- [What you need to do]: Shown below is a listing with pictures; reproduce exactly, and only, the lines between the ones containing "Ditch the chemicals" and "и световыми эффектами.", inclusive, leaving the pictures out.

- [Material provided]:
────────────────────
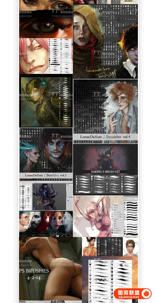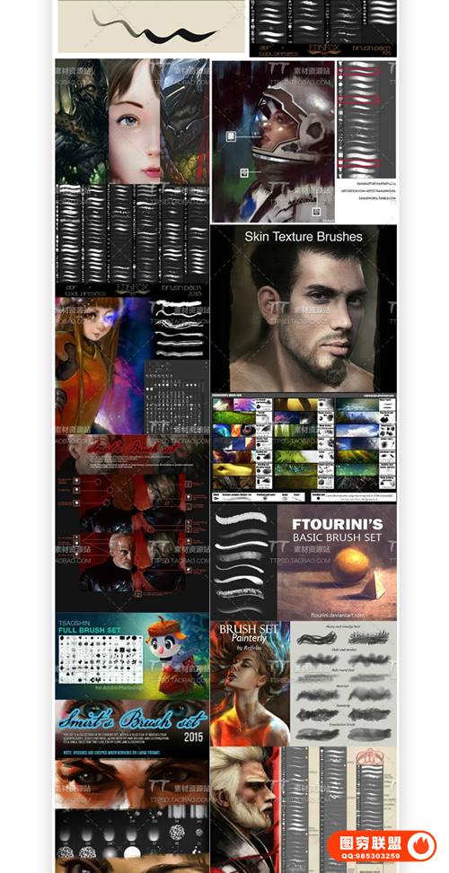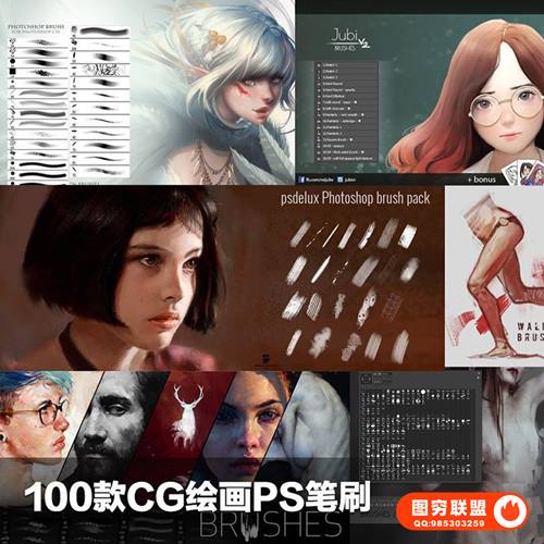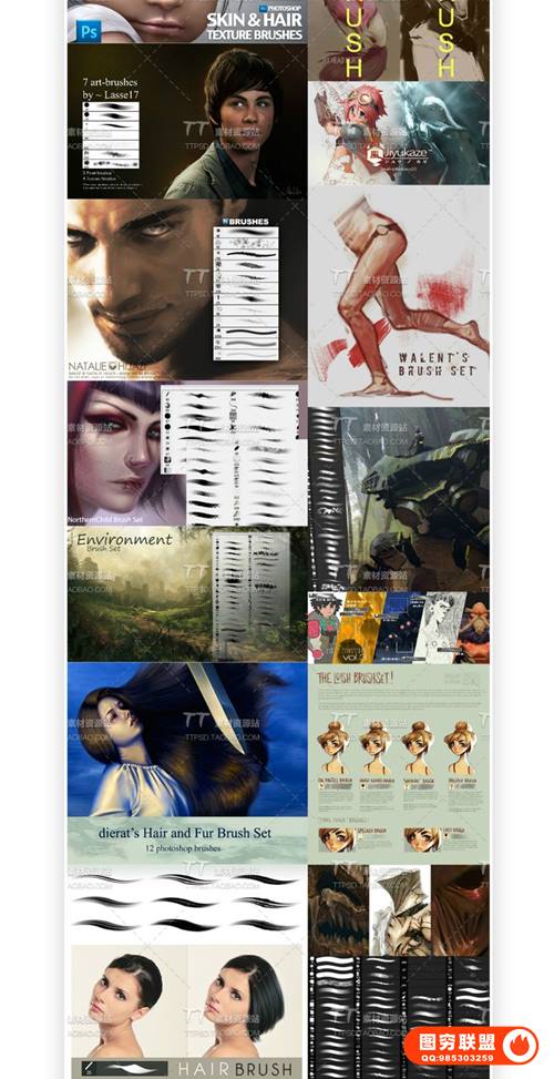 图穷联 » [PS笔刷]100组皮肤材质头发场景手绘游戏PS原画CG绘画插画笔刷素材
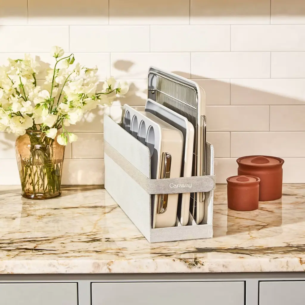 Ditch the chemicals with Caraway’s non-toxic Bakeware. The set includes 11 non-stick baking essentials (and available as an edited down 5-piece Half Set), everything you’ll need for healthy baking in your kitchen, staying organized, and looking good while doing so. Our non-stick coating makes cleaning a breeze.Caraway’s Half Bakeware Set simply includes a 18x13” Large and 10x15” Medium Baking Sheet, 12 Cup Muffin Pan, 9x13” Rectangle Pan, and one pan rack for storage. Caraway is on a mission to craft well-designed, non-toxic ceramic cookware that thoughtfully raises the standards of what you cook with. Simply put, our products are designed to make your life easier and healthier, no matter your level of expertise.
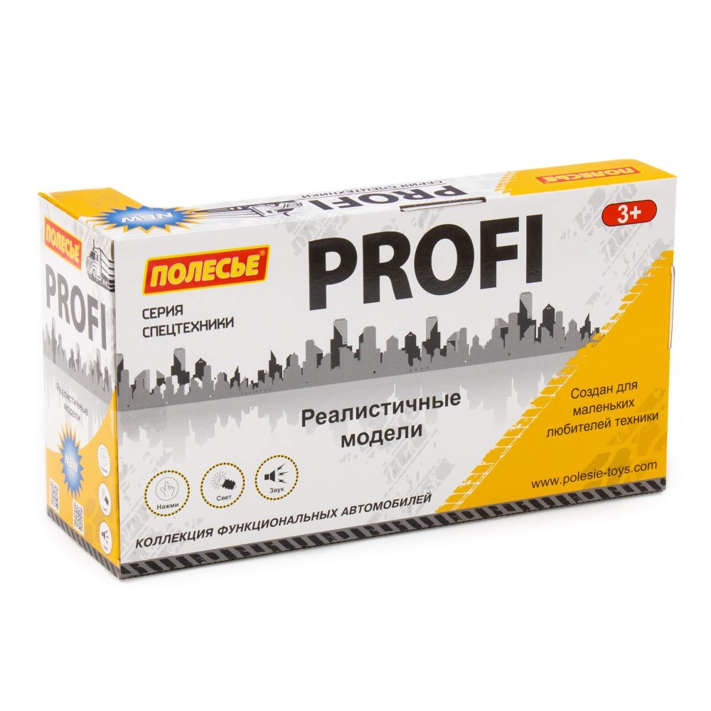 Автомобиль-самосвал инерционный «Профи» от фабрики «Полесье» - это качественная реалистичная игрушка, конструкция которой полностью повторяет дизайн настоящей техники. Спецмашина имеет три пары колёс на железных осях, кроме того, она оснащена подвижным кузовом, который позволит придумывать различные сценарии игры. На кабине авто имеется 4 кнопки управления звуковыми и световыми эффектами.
────────────────────
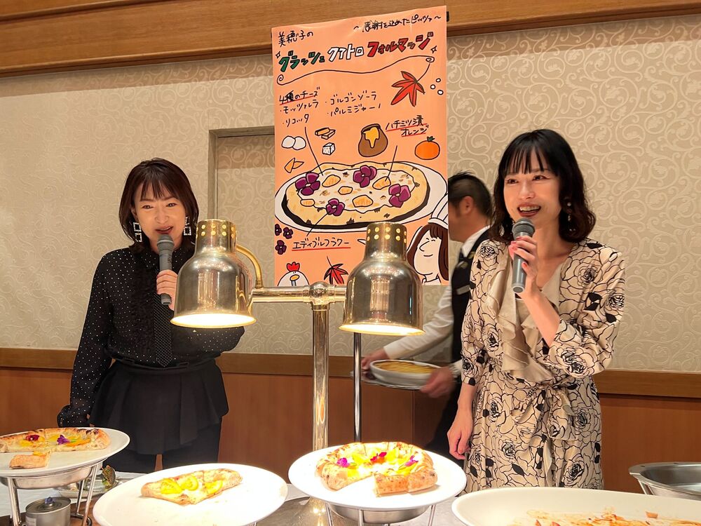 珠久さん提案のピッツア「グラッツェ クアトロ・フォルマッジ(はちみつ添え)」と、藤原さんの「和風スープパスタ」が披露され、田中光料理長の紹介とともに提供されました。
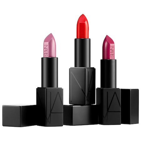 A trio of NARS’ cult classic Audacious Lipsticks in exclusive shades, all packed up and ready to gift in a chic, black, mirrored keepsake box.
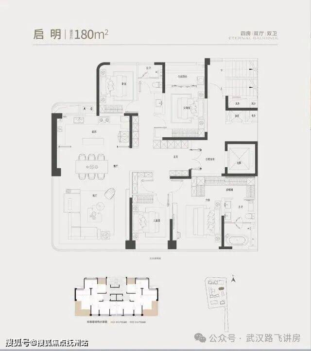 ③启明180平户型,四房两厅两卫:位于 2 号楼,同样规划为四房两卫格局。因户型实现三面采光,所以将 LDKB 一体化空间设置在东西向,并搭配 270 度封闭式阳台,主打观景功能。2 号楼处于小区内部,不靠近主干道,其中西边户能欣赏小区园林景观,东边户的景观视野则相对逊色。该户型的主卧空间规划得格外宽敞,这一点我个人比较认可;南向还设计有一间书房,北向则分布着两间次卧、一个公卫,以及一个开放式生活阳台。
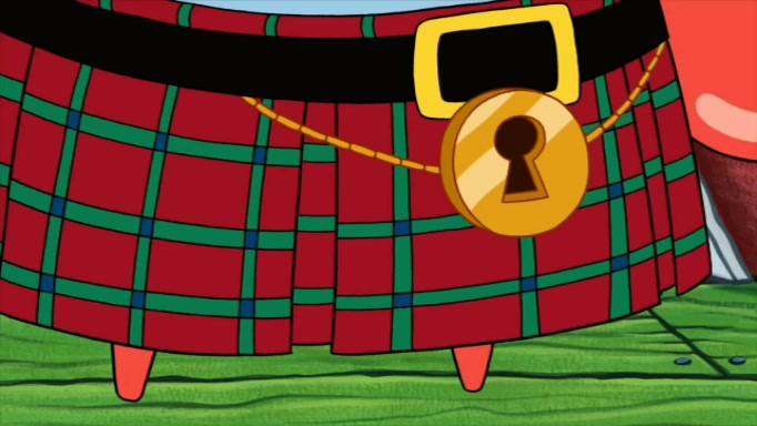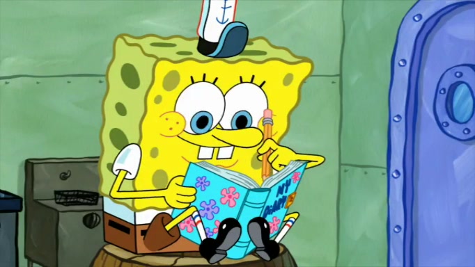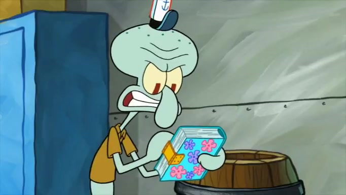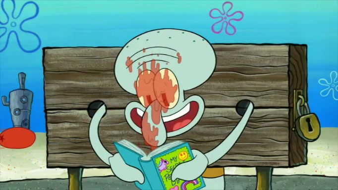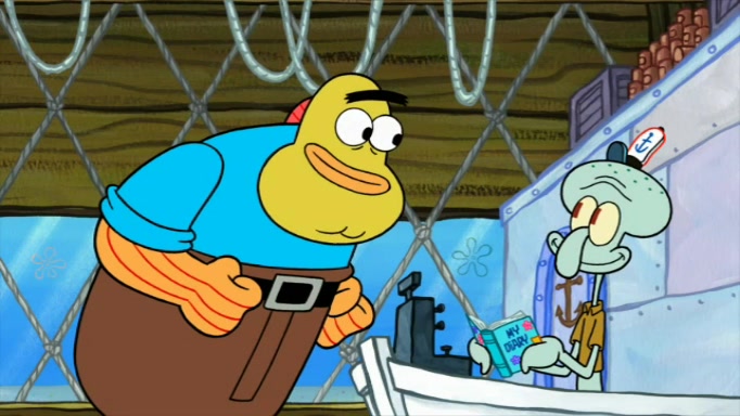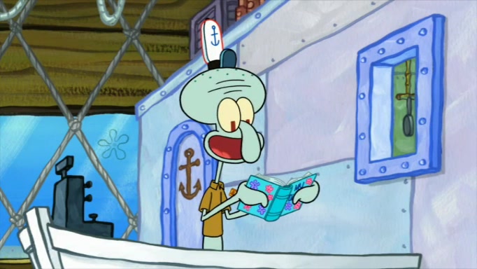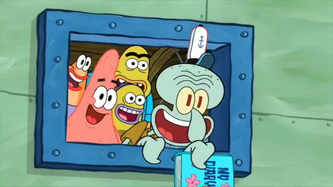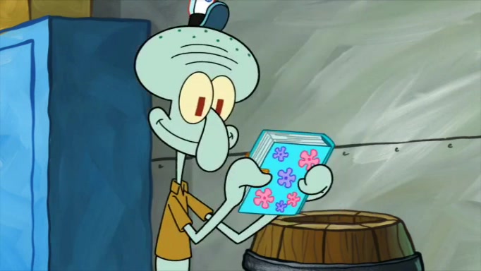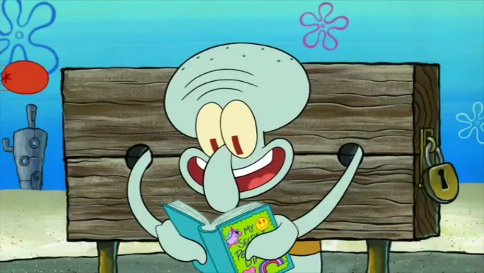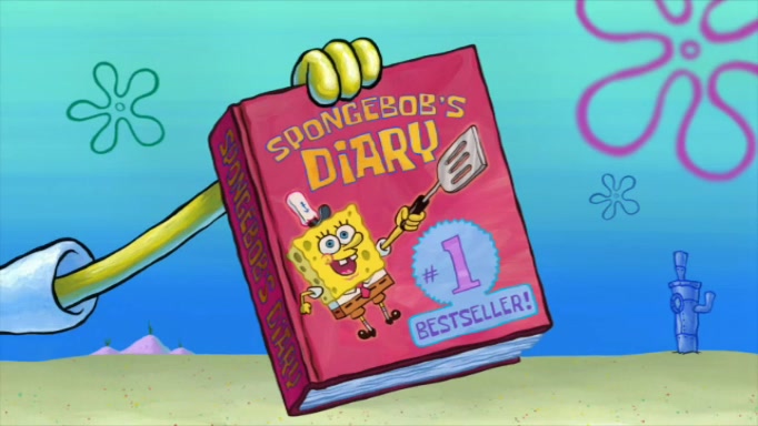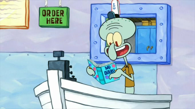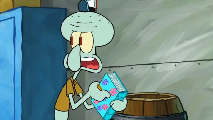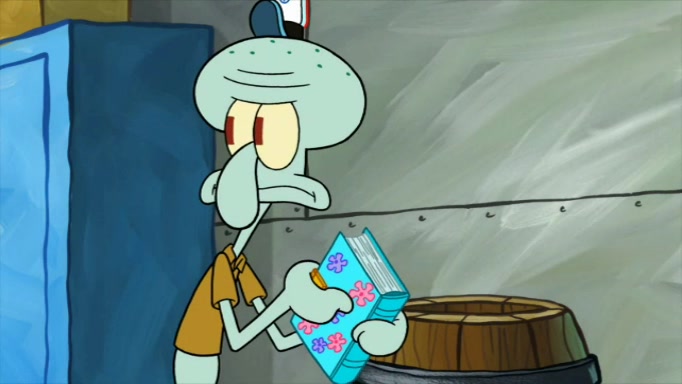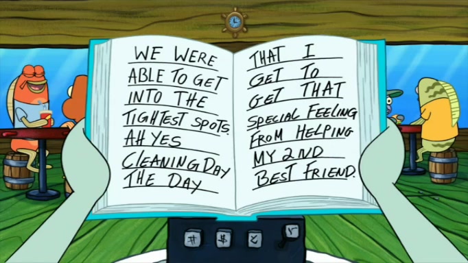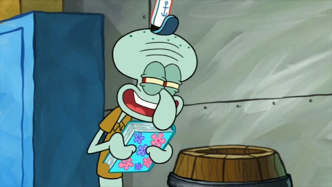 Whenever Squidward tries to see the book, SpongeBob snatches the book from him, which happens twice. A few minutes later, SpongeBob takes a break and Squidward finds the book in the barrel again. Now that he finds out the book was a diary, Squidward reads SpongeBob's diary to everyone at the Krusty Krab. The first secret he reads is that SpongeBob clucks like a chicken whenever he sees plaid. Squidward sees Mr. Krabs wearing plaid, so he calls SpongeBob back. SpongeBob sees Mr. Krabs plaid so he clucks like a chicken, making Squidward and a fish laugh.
────────────────────
- [Task output]:
 Ditch the chemicals with Caraway’s non-toxic Bakeware. The set includes 11 non-stick baking essentials (and available as an edited down 5-piece Half Set), everything you’ll need for healthy baking in your kitchen, staying organized, and looking good while doing so. Our non-stick coating makes cleaning a breeze.Caraway’s Half Bakeware Set simply includes a 18x13” Large and 10x15” Medium Baking Sheet, 12 Cup Muffin Pan, 9x13” Rectangle Pan, and one pan rack for storage. Caraway is on a mission to craft well-designed, non-toxic ceramic cookware that thoughtfully raises the standards of what you cook with. Simply put, our products are designed to make your life easier and healthier, no matter your level of expertise.
 Автомобиль-самосвал инерционный «Профи» от фабрики «Полесье» - это качественная реалистичная игрушка, конструкция которой полностью повторяет дизайн настоящей техники. Спецмашина имеет три пары колёс на железных осях, кроме того, она оснащена подвижным кузовом, который позволит придумывать различные сценарии игры. На кабине авто имеется 4 кнопки управления звуковыми и световыми эффектами.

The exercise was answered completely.